Now once we have a naturally-forming membrane to isolate the "inside" from the "outside", we next need to fill the "inside" with something that does things that can then interact with things on the "outside". Previously, in The Origin of Software the Origin of Life we examined Stuart Kauffman’s ideas about how naturally-forming Boolean nets of autocatalytic chemical reactions might have kick-started the whole thing off as an emergent behavior of an early chaotic pre-biotic environment on Earth, solely with the aid of the extant organic molecules of the day. Now, if networks of autocatalytic chemical reactions found themselves surrounded and protected by the membranes of Dave Deamer's Membrane-First work on the origin of carbon-based life on the Earth, they might be ripe for attack by RNA parasites as outlined in Freeman Dyson's two-step hypothesis for the origin of carbon-based life on the Earth that he proposed in Origins of Life (1999). In Self-Replicating Information, I described Freeman Dyson’s two-step theory for the origin of carbon-based life on the Earth. In Dyson’s two-step theory, metabolic protocells first arise and are later parasitized, first by RNA, and then by DNA parasitizing the RNA even further. In this view, Membrane-First protocells first provide a refuge for networks of autocatalytic chemical reactions to exist in a protective membrane with an "inside" that protects them from a dangerous "outside". The protocell membrane also allows for the selective entry of valuable extant organic molecules to become the feedstock for the networks of autocatalytic chemical reactions. As a professional IT developer, you also do the same thing. First, you define an empty programming Function(){......} or an Object Method(){......} with calling parameters, and then you fill the Function() or Object Method() with lines of code that do things. The calling parameters in the Function() or Method() define a set of selected entry values for the Function(){......} or Object Method(){......} and the lines of code within process the selected entry values.
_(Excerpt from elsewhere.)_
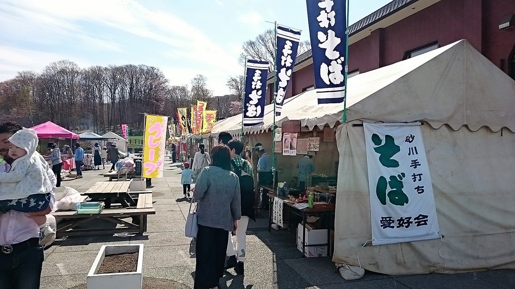 上の写真は、9時頃の子どもの国レストハウス脇の飲食コーナーです。「砂川手打ちそば゛愛好会」は本日のみの出店でした。ちょうど準備が整い一息ついたところですが、今日は朝早くから家族連れが来園していました。

But like all forms of near-life, such protocells were subject to attack by parasitic molecules such as RNA. But then the question becomes, where did these parasitic molecules of RNA come from? Did they first arise from within the protocells containing self-replicating autocatalytic networks of organic molecules surrounded by protective membranes of phospholipids, or did the RNA parasites arise from the "outside" and then invaded the already-existing protocells? Before trying to answer that question we need to first look at the structure and function of RNA as it stands today.
Figure 5 – The structure of RNA.
Figure 6 – A closeup of one RNA nucleotide or RNA "bit"
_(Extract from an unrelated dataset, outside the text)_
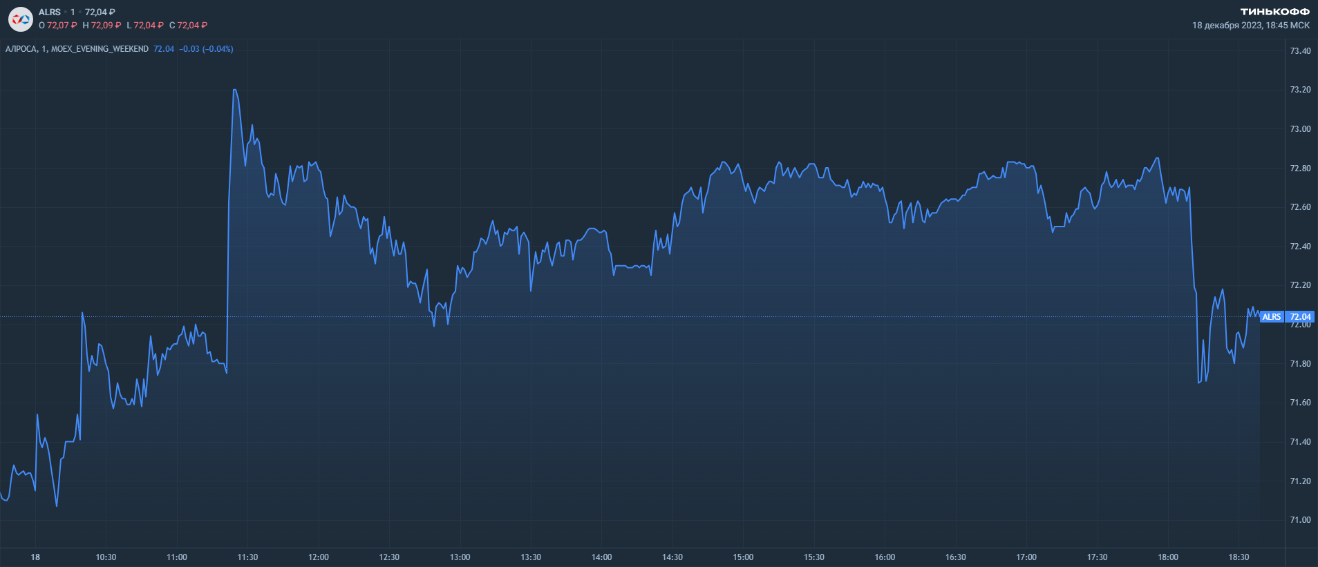 На фоне новости акции добытчика алмазов АЛРОСЫ падали более чем на 1,7%.

Figure 7 – In the current world, RNA is used as an I/O buffer to construct protein molecules from amino acids. Ribosomes are complex read/write heads composed of RNA and some additional protein molecules. When constructing a protein molecule from amino acids, a ribosome read/write head behaves much like the read/write head of a Turing Machine. The ribosome reads an mRNA(messenger RNA) tape that was previously transcribed from a section of DNA tape that encoded the information for a gene. The ribosome read/write head then reads the A, C, G, and U nucleobase "RNA bits" that code for amino acids three at a time. As each 3-bit RNA-byte is read on the mRNA tape, the ribosome writes out an amino acid to a growing polypeptide chain, as tRNA units bring in one amino acid at a time. The polypeptide chain then goes on to fold up into a 3-D protein molecule.
RNA is composed of three molecular LEGO blocks stuck together - a phosphate group, a ribose sugar and a base. There are four different bases adenine (A), cytosine (C), guanine (G) and uracil (U). Thus, each RNA nucleotide can be considered to be an RNA "bit" that can be in one of four states, A, C, G or U. Now, all of these molecular LEGO blocks have been found in interstellar molecular clouds and meteorites that have fallen to the Earth but the real problem is how do you put them all together to produce a form of parasitic RNA that could successfully replicate itself within a protocell surrounded by a phospholipid membrane? The long-standing "which came first, the chicken or the egg" riddle in biology has always been that currently, all forms of carbon-based life produce RNA with the aid of some protein molecules that do things in the replication process. As shown in Figure 7, we currently need some RNA and proteins in a ribosome to make proteins. So how could a parasitic form of self-replicating RNA ever come to be? Essentially, we need to find a way for some biological software to bootstrap itself into existence, all by itself, by writing itself into existence on its own. Now, all IT professionals should know from experience that creating, debugging, implementing and maintaining such a piece of biological software on a fragile strand of RNA would not be an easy thing to do, so let's explore that problem next.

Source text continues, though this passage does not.